__Data supplied__:
=-=-=
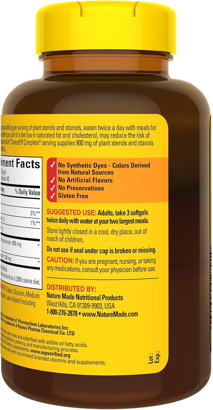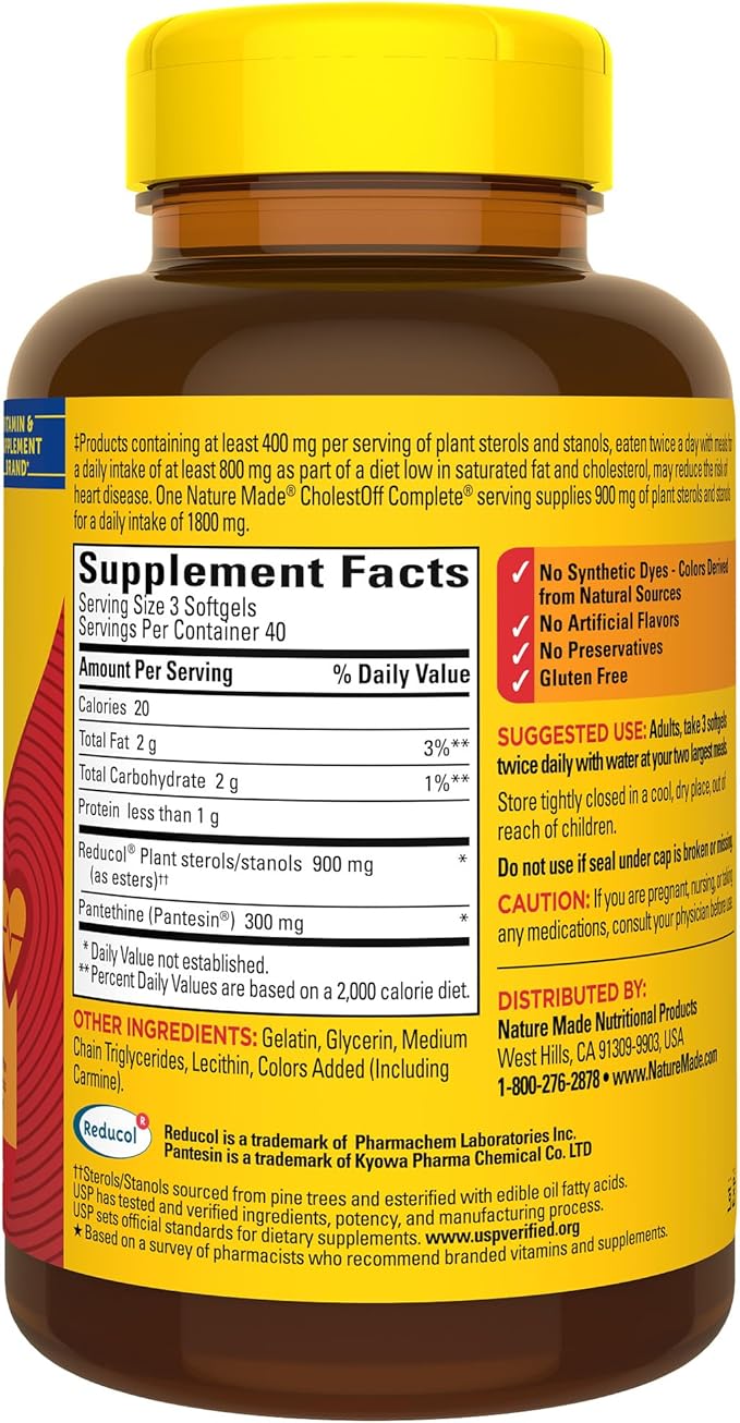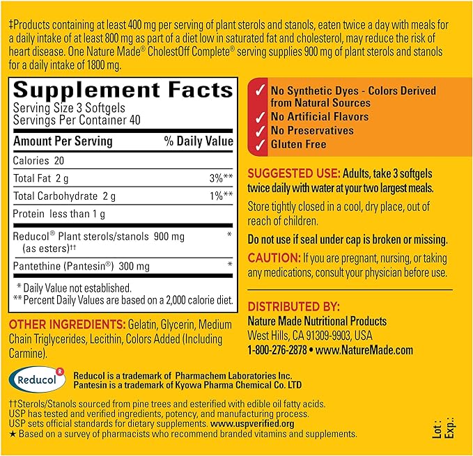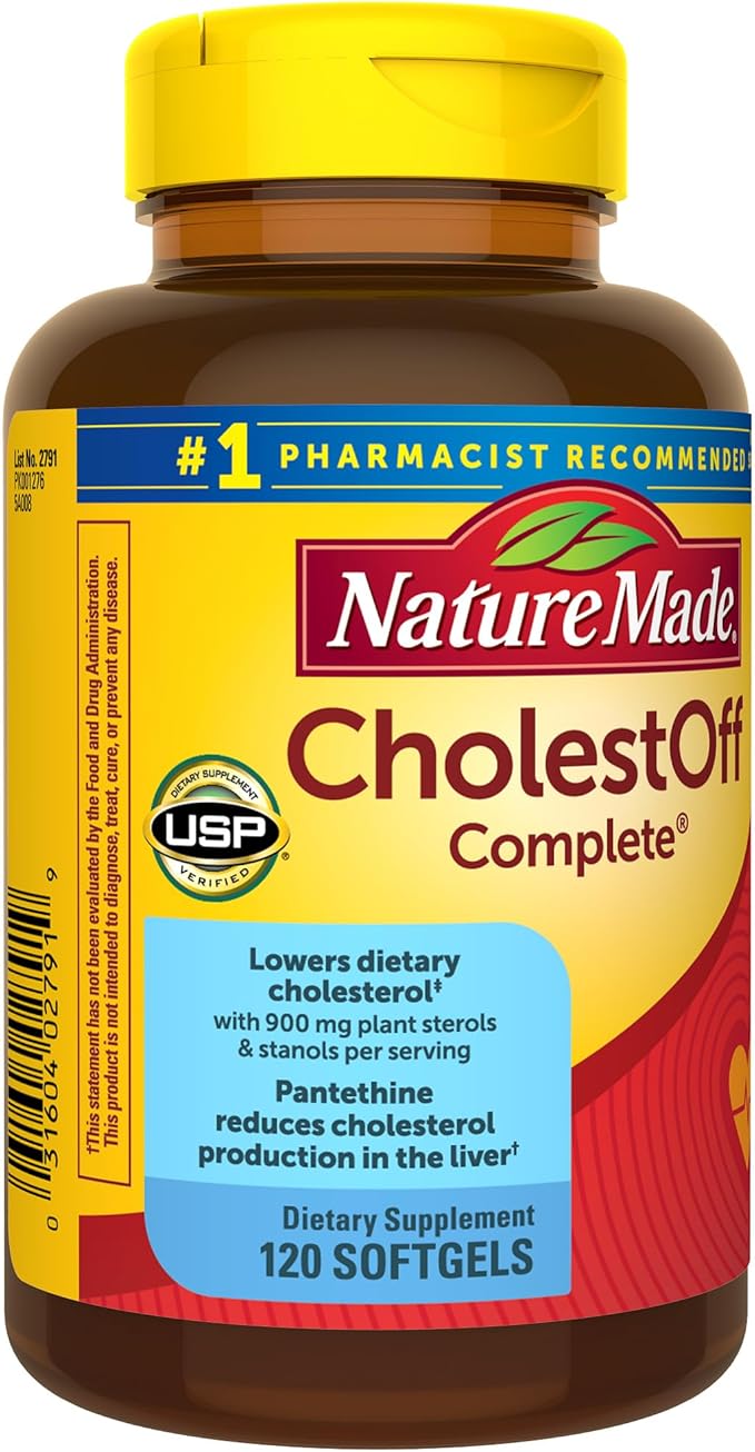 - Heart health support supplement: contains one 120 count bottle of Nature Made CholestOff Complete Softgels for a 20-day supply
=-=-=
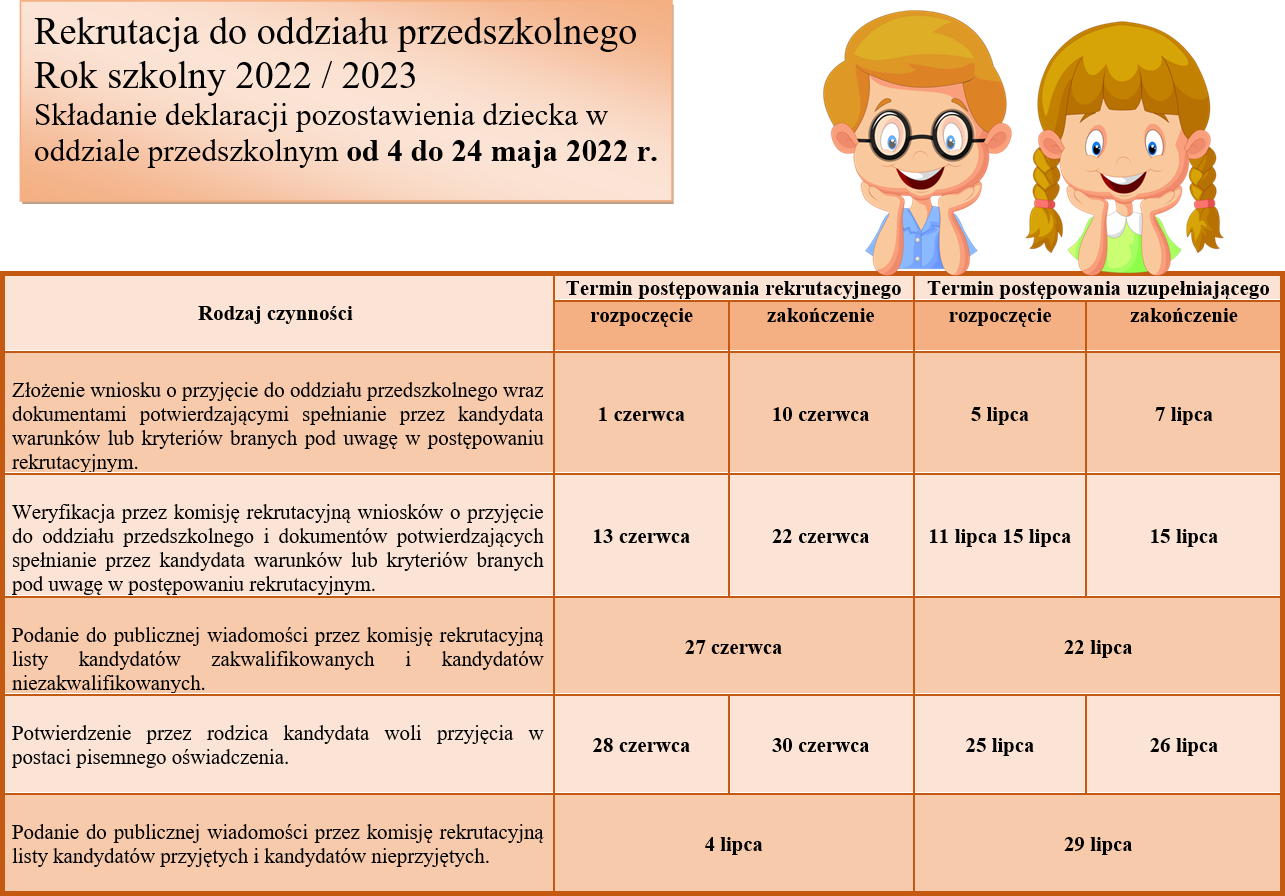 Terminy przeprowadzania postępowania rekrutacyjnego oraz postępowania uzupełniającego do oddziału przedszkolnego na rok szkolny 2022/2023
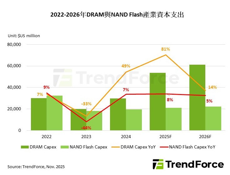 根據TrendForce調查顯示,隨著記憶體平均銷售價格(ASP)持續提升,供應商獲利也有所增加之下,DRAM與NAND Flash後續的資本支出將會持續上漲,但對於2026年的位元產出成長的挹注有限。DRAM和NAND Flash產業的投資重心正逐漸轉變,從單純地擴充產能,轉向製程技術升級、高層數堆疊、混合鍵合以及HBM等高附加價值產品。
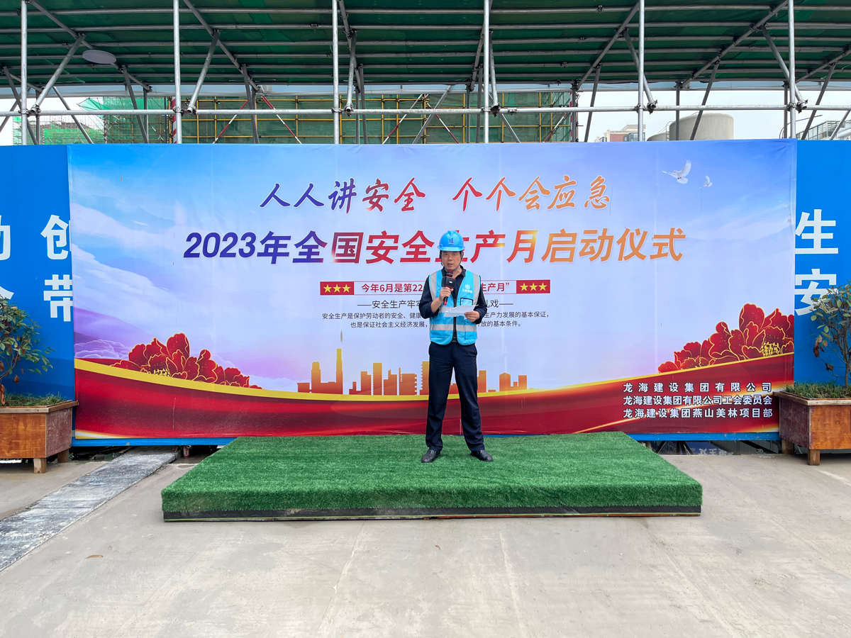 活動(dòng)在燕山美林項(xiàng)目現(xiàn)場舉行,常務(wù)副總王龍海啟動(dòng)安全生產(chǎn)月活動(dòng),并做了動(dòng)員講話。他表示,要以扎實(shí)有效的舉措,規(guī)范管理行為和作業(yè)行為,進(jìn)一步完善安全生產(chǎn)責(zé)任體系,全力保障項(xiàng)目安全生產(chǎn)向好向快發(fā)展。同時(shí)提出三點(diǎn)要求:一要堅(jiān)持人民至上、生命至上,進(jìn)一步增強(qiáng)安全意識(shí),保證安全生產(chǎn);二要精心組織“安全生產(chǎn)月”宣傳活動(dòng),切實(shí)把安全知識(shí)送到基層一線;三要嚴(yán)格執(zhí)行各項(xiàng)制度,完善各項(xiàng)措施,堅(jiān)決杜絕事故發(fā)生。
=-=-=
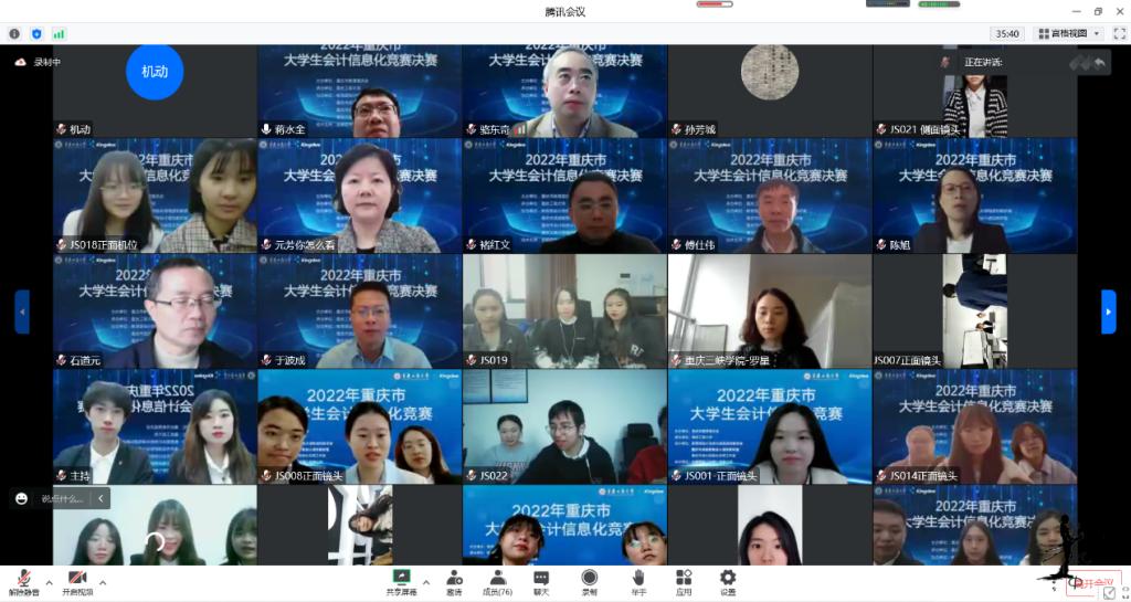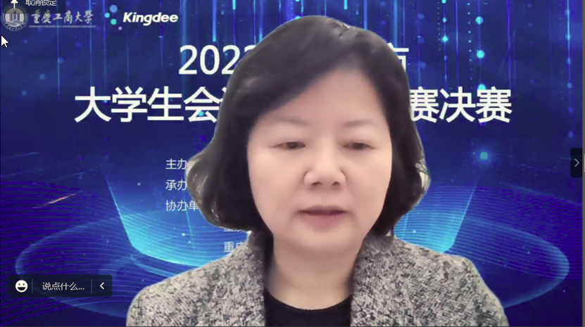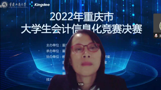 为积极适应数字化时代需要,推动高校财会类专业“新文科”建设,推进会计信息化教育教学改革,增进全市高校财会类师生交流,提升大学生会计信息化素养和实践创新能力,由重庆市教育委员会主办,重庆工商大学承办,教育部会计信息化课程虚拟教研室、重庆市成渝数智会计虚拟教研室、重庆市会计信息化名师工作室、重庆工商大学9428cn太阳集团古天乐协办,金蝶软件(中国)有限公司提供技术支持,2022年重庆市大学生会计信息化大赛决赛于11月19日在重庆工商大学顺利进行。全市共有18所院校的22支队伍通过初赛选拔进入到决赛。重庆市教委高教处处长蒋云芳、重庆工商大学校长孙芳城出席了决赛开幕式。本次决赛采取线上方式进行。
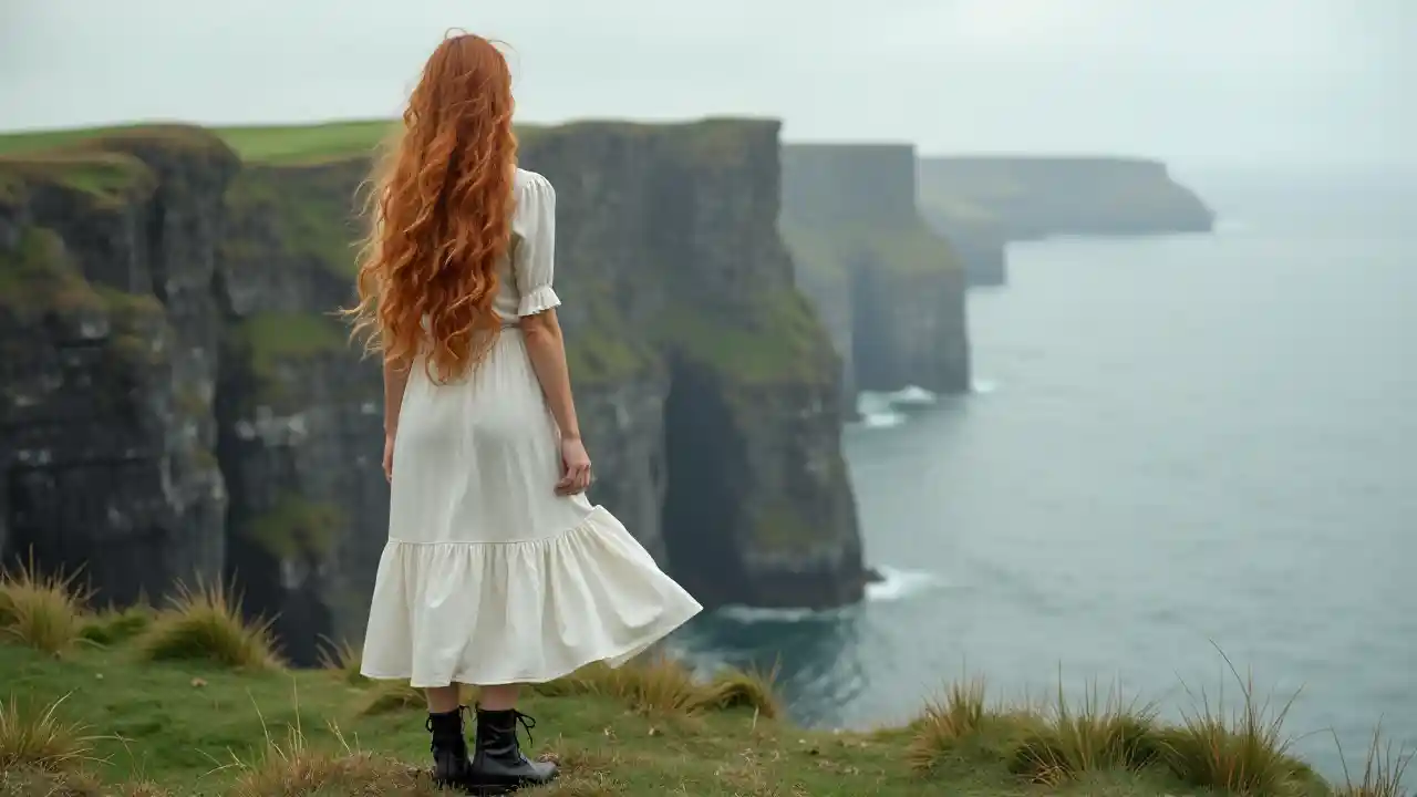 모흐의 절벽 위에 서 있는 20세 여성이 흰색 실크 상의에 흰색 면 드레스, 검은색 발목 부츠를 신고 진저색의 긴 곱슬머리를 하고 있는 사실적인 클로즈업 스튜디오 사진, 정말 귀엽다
=-=-=
__Task description__: Skipping every picture, transcribe exactly the lines above from the one containing "Terminy przeprowadzania postępowania" through the one containing "活動(dòng)在燕山美林項", both included.

__Result below__:
 Terminy przeprowadzania postępowania rekrutacyjnego oraz postępowania uzupełniającego do oddziału przedszkolnego na rok szkolny 2022/2023
 根據TrendForce調查顯示,隨著記憶體平均銷售價格(ASP)持續提升,供應商獲利也有所增加之下,DRAM與NAND Flash後續的資本支出將會持續上漲,但對於2026年的位元產出成長的挹注有限。DRAM和NAND Flash產業的投資重心正逐漸轉變,從單純地擴充產能,轉向製程技術升級、高層數堆疊、混合鍵合以及HBM等高附加價值產品。
 活動(dòng)在燕山美林項(xiàng)目現(xiàn)場舉行,常務(wù)副總王龍海啟動(dòng)安全生產(chǎn)月活動(dòng),并做了動(dòng)員講話。他表示,要以扎實(shí)有效的舉措,規(guī)范管理行為和作業(yè)行為,進(jìn)一步完善安全生產(chǎn)責(zé)任體系,全力保障項(xiàng)目安全生產(chǎn)向好向快發(fā)展。同時(shí)提出三點(diǎn)要求:一要堅(jiān)持人民至上、生命至上,進(jìn)一步增強(qiáng)安全意識(shí),保證安全生產(chǎn);二要精心組織“安全生產(chǎn)月”宣傳活動(dòng),切實(shí)把安全知識(shí)送到基層一線;三要嚴(yán)格執(zhí)行各項(xiàng)制度,完善各項(xiàng)措施,堅(jiān)決杜絕事故發(fā)生。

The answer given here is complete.